24
После того как Шуламит пришла и увела дедушку в дом престарелых, я стал ходить к Пинесу, чтобы он рассказывал мне истории вместо него. Пинес жил возле водонапорной башни, в маленьком доме, который был окружен совершенно необычным декоративным садом, где росли исключительно цветы пустоши и подлеска. Он сажал там клубни темных цикламен и гигантских анемонов самых разных расцветок, выискивал на Кармеле горный люпин, на ручьях Арбеля выкапывал луковицы восточных гиацинтов, и большие ядовитые семена, прорастая, вспыхивали мазками яркого царственного пурпура. В заболоченных местах возле источника он собирал нарциссы и вероники, а лютики, которые цвели у него в саду, сверкали так, словно столяр Гидеон покрыл их лаком.
«Розы и хризантемы я мог бы выращивать и в галуте»[107], — говорил он.
«Орхидея — это замечательный дикий цветок, испорченный человеком», — строго сказал он мне, когда я пришел в восторг от рассказа шорника Пекера о том, как русский офицер послал его с букетом белых орхидей «уболтать генеральскую дочь-красотку».
«Даже Лютер Бербанк, который разводил и скрещивал розы и хризантемы, заявил, что никогда не притронется к орхидеям. Они — как те несчастные китайские девочки, которым в детстве туго обматывали ступни».
Всякий раз, открывая его зеленую калитку и вступая на каменные плитки, я снова становился «Барухом из четвертой группы», которого каждую неделю отправляли к старому учителю после того, как он побил очередного ученика.
«Иди, пусть Яков тебя успокоит. Может, ему удастся сделать из тебя человека».
Он был Первым Учителем. Он учил мою мать, дядю Эфраима и дядю Авраама, меня, Ури и Иоси. Он учил всех. Одержанное волнение воцарялось в деревне, когда он приступал к показу букв алфавита новому набору малышей, и люди собирались возле школьной изгороди, чтобы услышать детский смех, доносившийся из окон класса. Пинес всегда начинал не с «алеф», а с «хет»[108]. Первым, что произносили дети в школе, было «ха-ха-ха». «А сейчас, дети, открытое „хет“. Смотрите — ха-ха-ха». Год или два он играл с ними, водил гулять и втирался к ним в доверие, а потом они вдруг понимали, что его седло уже на их спине, а поводья — во рту, и подчинялись ему с любовью и преданностью, которые сохранялись в их сердцах всю дальнейшую жизнь.
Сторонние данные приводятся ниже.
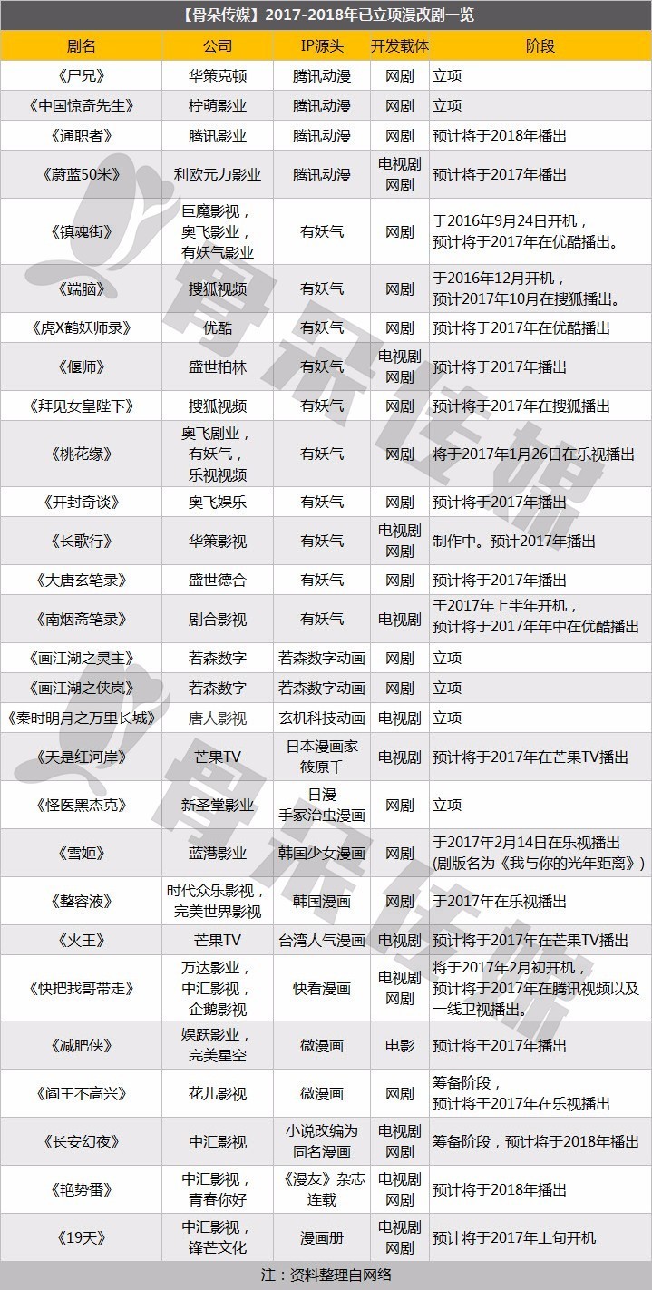 最后,除了国漫以外,日本漫画、韩国漫画也渐渐成为热门IP源头,2016年立项的就包括日本漫画家筱原千的《天是红河岸》,以及韩国漫画《雪姬》和《整容液》。《你的名字》内地票房爆火,近日还传出了中国公司要拍摄真人版的消息,相信未来东亚系的漫画IP会更多地被国内影视公司挖掘。
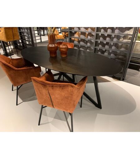 Moderne ovale massief houten eetkamertafel van acaciahout gecombineerd met metalen zwart design onderstel. Het tafelblad heeft een glad oppervlak en een schuin aflopende rand. Dit artikel is bestelbaar in de afmeting bxdxh: 200 x 100 x 76 cm Kleurcombinatie: Tafelblad zwart Poten zwart Materialen: Tafelblad van acacia hout zwart gelakt Poten van metaal ...

Из всех наемных служащих нашей деревни Пинес был единственным, кто пользовался всеобщим уважением. Дети порой смеялись над ним, но, даже когда он ушел на пенсию, во всей деревне не было ребенка, который бы не робел в его присутствии. Он имел привычку входить без стука в класс, говорил смутившемуся учителю и зашумевшим ученикам: «Продолжайте, продолжайте», — садился сбоку и слушал, глядя на детей с любовью и грустью.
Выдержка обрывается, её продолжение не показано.